Затем, идет речь собственно о войне. Поставим себя на место людей мысли и спросим, претит ли нам такое занятие? Ответ будет несомненный: претит. Мы люди мира и гармонии, мы, даже вызванные насильственно на борьбу, по возможности, умеряем силу наших ударов, дабы не скорбеть при виде того позорного зрелища унижения, которое бывает естественным последствием всякого решительного торжества. И мы имеем право на такую гадливость, ибо сознали нашу мысль во всей ее ясности, и эта мысль не только теоретически исключает представление о необходимости войны, но и все ее практические подробности так построены, что войны нет и не может быть. А между тем она есть; она не хочет знать наших теорий, а присутствует в том раздражающем и опьяняющем воздухе, которым мы дышим. Как поступить в этом случае, чтоб не впасть в прямое противоречие с самим собою, чтобы не оскорбить, не задеть за живое своих коренных убеждений? Ответ на это очень простой: мы не обязаны даже и думать об этом. У нас должна быть организация, должны быть чернорабочие, которых преданность доходит до того, что не дает нам даже случая впасть в противоречие с нашими дорогими убеждениями. Мы люди мысли, и самое лучшее, что можем сделать, – это не покидать сферы мысли. Эта мысль сделает то практическое дело, какого практичнее ничего нет на свете: она оплодотворит людей действия, она прольет огонь в их сердца, она сделает их почтительными, послушливыми и твердыми в бедствиях. Философу Ризположенскому она скажет: не раздирай ногтями своих собственных внутренностей, не вопи на самого себя, не лай на луну, но обрати свои ногти, свои вопль и лай на противников того дела, которому ты служишь Публицисту Скорбященскому она скажет: не распространяй слухов о терпении и о вознаграждениях, имеющих последовать в будущей жизни, но будь дерзок, ибо только дерзостью получишь в сем мире желаемое. Наконец, псевдоестествоиспытателю Кроличкову она скажет: не прикидывайся естествоиспытателем, ибо ты воспитанник Кузьмы Пруткова, у которого и заимствовал свои сведения по части естествознанья… ступай вон! И тогда образуется у нас нечто правильное. Ризположенскии будет раздирать внутренности действительных противников его дела, а не свои собственные (или, что все равно, внутренности противников мнимых), Скорбященский будет словом и делом пропагандировать мысль о натиске, а Кроличков совсем уйдет вон.
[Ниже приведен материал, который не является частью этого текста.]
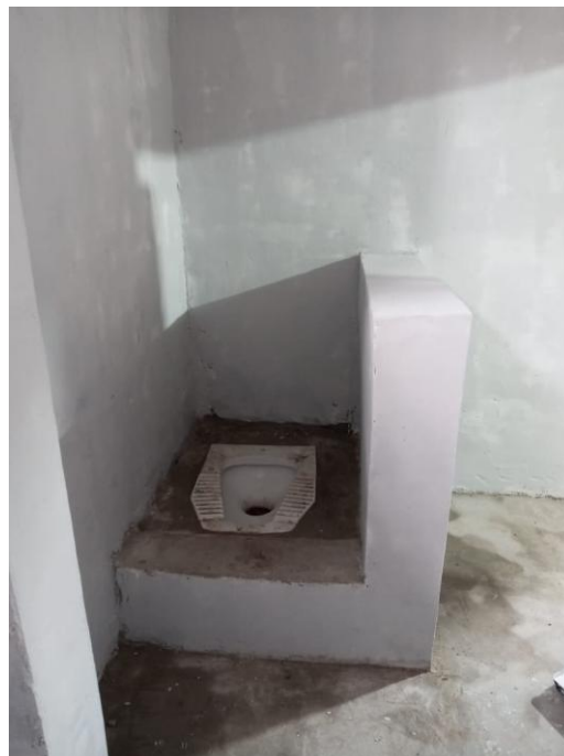
Fotos 06 ,07, 08 e 09 – Cella feminina e masculina, entrada e interior.

Avenida Governador Ivo Silveira, 1.521 - CEP 88.085-000 Centro Administrativo da SSP - Bloco - 2º andar - Capoeiras – Florianópolis/SC Fone: (48) 3665.8712 E-mail: geted@pc.sc.gov.br
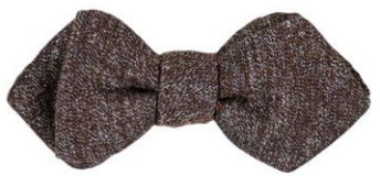
Blick Schleife Andre Braun 50,00 €

И тогда мы, люди мысли (повторяю, я только ставлю себя на место этих людей, а отнюдь не претендую идентифировать себя с ними), получим именно то желаемое положение, которое одно только относительно нас и может быть названо правильным. А именно: мы получим возможность свободно и спокойно предаваться делу мысли, не будучи на каждом шагу вынуждаемы впадать в противоречия с нею, возможность не знать о тех препятствиях, которые встречает эта мысль в будничной обстановке жизни. Все эти мелкие подробности, вся горечь и неприятность, неразлучные с процессом проникновения мысли в практику, падут на долю тех преданных чернорабочих, которые не только не дадут нам чувствовать их но даже скроют от нас об их существовании. Мысль наша не будет встречать задержек и потому не пойдет, как говорится, в суп (как это нередко случается ныне), а разовьется во всей ее гармонической стройности. Быть может, даже… мы получим возможность находить утешения и не в одной истории…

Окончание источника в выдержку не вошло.